Constellation Knowledge Network - Preguntas y respuestas sobre la interpretación de los sueños - Mi cuerpo se siente demasiado rígido. ¿Cómo puedo aliviarlo?

Mi cuerpo se siente demasiado rígido. ¿Cómo puedo aliviarlo?

No importa en qué profesión estemos, excepto algunas profesiones especiales que requieren estar de pie durante largos períodos de tiempo, la mayoría de nosotros somos sedentarios. Esta postura provoca rigidez, tirantez y debilidad en las cadenas de la espalda, como los músculos trapecio y erector de la columna. También puede causar dolor lumbar y síntomas de migraña.

Para aquellos de nosotros que amamos el fitness, hay más preocupaciones, como la incapacidad de abrir la articulación del hombro, la flexibilidad limitada de la columna torácica y la fuerza débil de los músculos de la cadera. Por lo tanto, relajar la cadena trasera es algo muy bueno para nosotros, las personas que hacen ejercicio y la gente común y corriente.

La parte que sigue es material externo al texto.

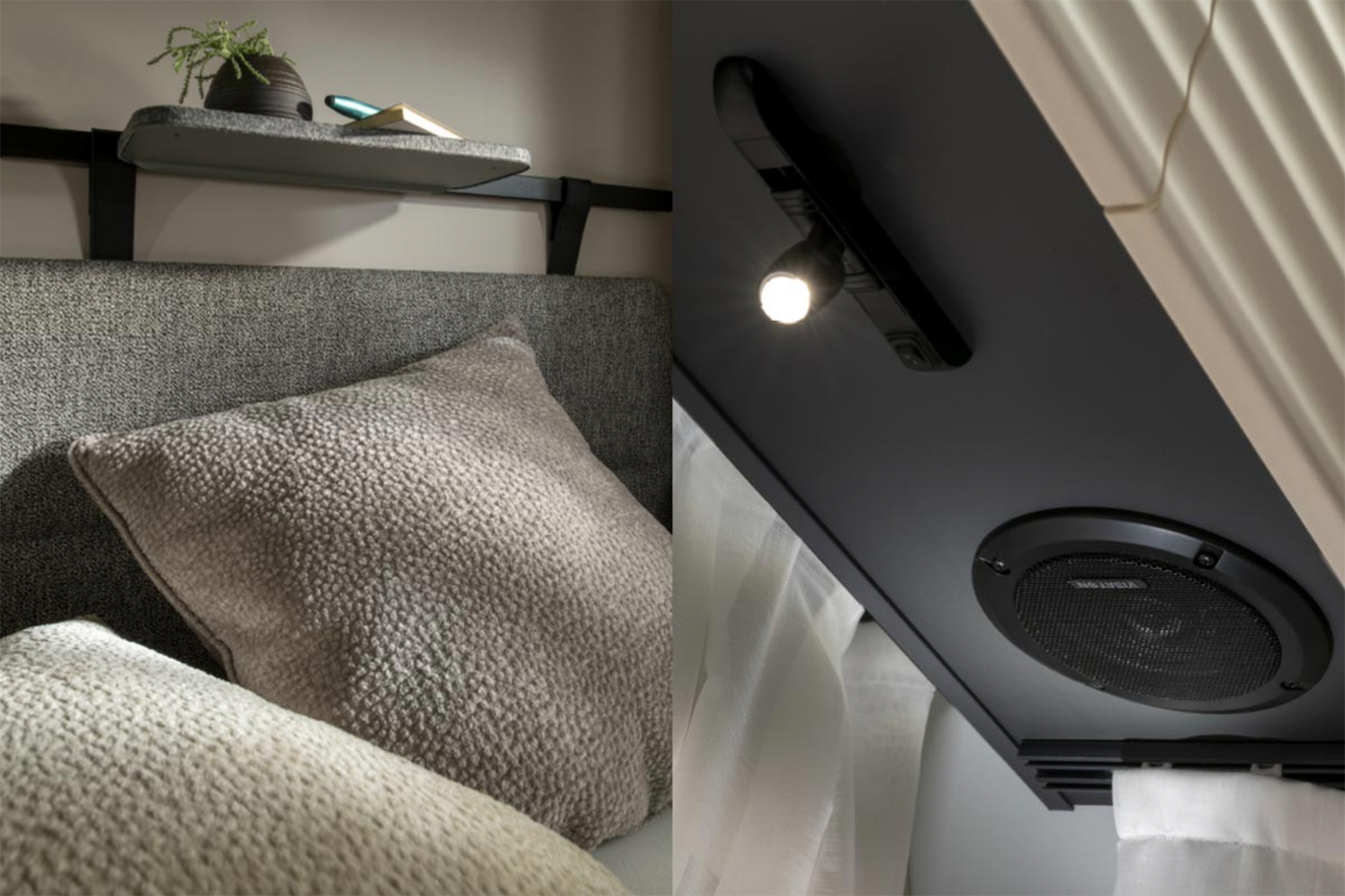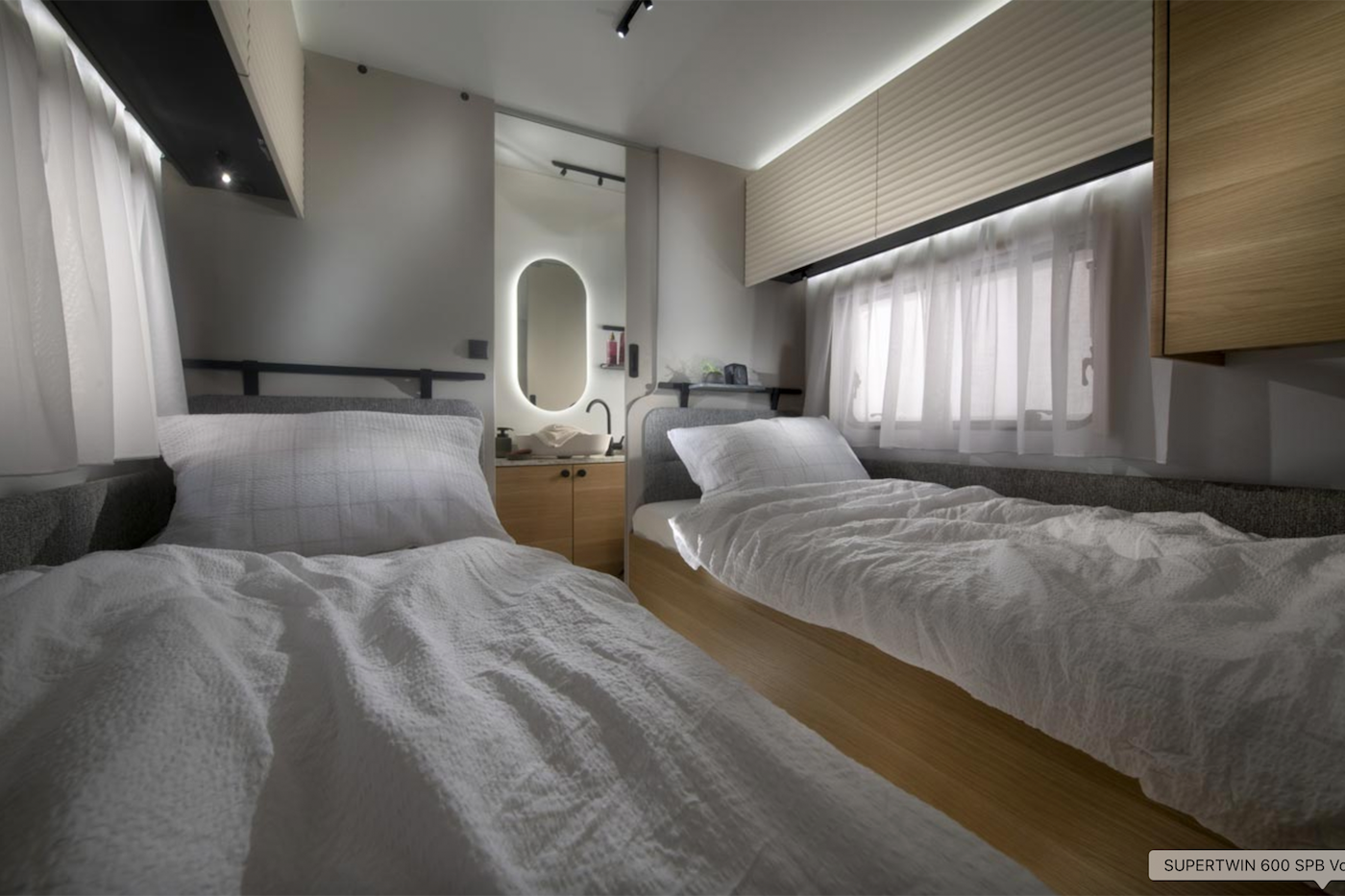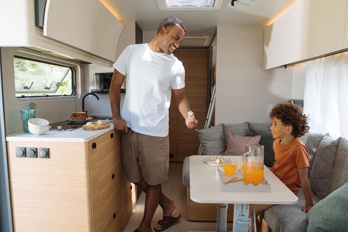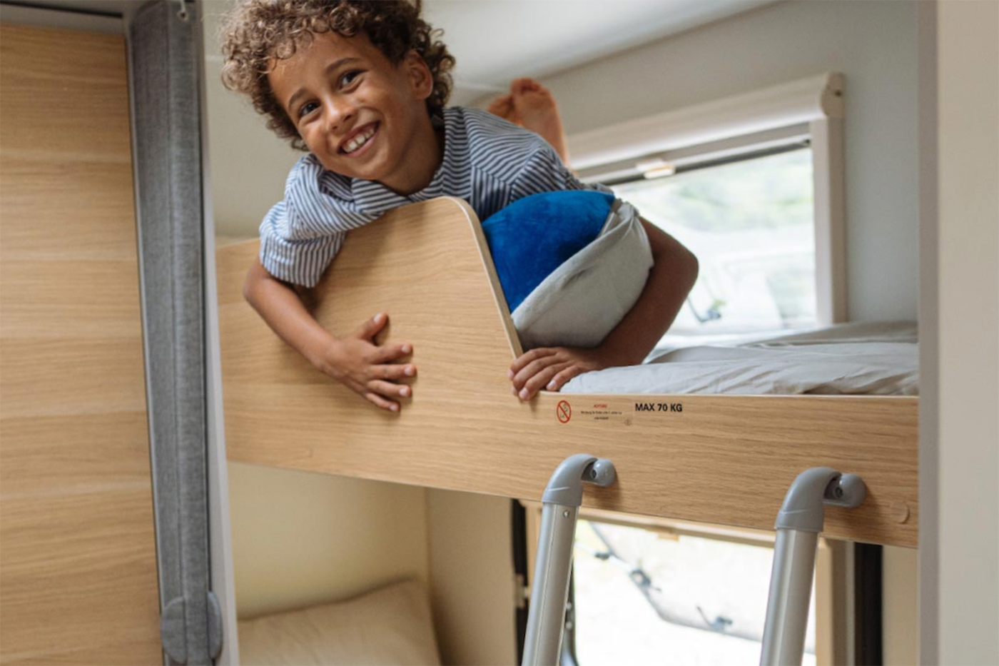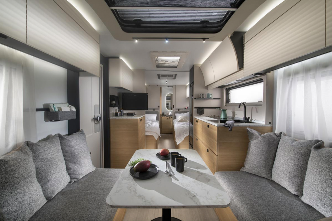 In jedem Wohnbereich finden Sie entspannten Komfort. Küche und Bad sind neu gestaltet, mit Arbeitsflächen im Marmorlook und schwarzen Accessoires. Die Sitzbereiche sind verbessert, mit teilweise beweglichen Rückenstützen im Sitzgruppenbereich. Es gibt neue Schränke und einen Dinettentisch im Marmorlook. Die Schlafzimmer bieten höherliegende, leicht zugängliche Betten mit neuen Kopfstützen und Evopore®-Matratzen – sogar bei den Etagenbetten. Stauraum ist gut organisiert, mit cleveren Lösungen in allen Bereichen. Für den Ganzjahreseinsatz gibt es eine verbesserte Isolierung, Heizsysteme von Truma und Alde sowie ein Luftzirkulationssystem für die optimale Wärmeverteilung. Optional ist auch eine Klimaanlage verfügbar.

Si quieres aflojar la cadena trasera, necesitas la ayuda de un rodillo de espuma. Tomando como ejemplo el tríceps sural y los isquiotibiales, veamos cómo relajar estas dos zonas.

1. Tríceps pantorrilla

Efecto de mejora: Mejorar la flexibilidad de la articulación del tobillo, mejorar la limitación de la dorsiflexión del pie, ¿mejora? ¿Piernas musculosas? .

Debido a que nuestras piernas ejercen fuerza todos los días cuando caminamos, básicamente todas las piernas están en un estado de tensión. Los tríceps surales son muy efectivos cuando están relajados, especialmente para las personas que quieren ver sus piernas cambiar rápidamente. mujeres delicadas. Intente medir si hay alguna diferencia en la circunferencia antes y después de relajarse.

Descripción de la acción: Acuéstese sobre la colchoneta, coloque la pantorrilla sobre el rodillo de espuma, enróllela lentamente desde el extremo del tendón de Aquiles y presione el punto gatillo durante 30 a 60 segundos, gire la pantorrilla hacia adentro; en un cierto ángulo para exponer el lado interno de la pantorrilla, gire lentamente y presione el punto de activación durante 30 a 60 segundos, gire la pantorrilla hacia afuera en un cierto ángulo para exponer los músculos en el exterior de la pantorrilla, gire lentamente y presione el punto de activación durante 30-60 segundos.

2. Músculo tendón

Efecto de mejora: mejora la movilidad de la articulación de la cadera, previene el daño del tendón de la corva y mejora la capacidad de flexión del cuerpo.

Del mismo modo, los músculos isquiotibiales también se lesionan fácilmente durante los ejercicios de alta intensidad, especialmente aquellos que requieren ráfagas instantáneas. ¡Debes cuidar bien tus músculos isquiotibiales!

Descripción de la acción: Siéntate en la estera de yoga, coloca la parte posterior del muslo sobre el rodillo de espuma, haz una pequeña rotación interna del muslo, rueda lentamente la parte expuesta (semitendinoso) y presiona el punto gatillo durante 30 segundos. -60 segundos; haga una pequeña rotación externa del muslo, gire lentamente la parte expuesta, encuentre el punto gatillo y presione durante 30-60 segundos.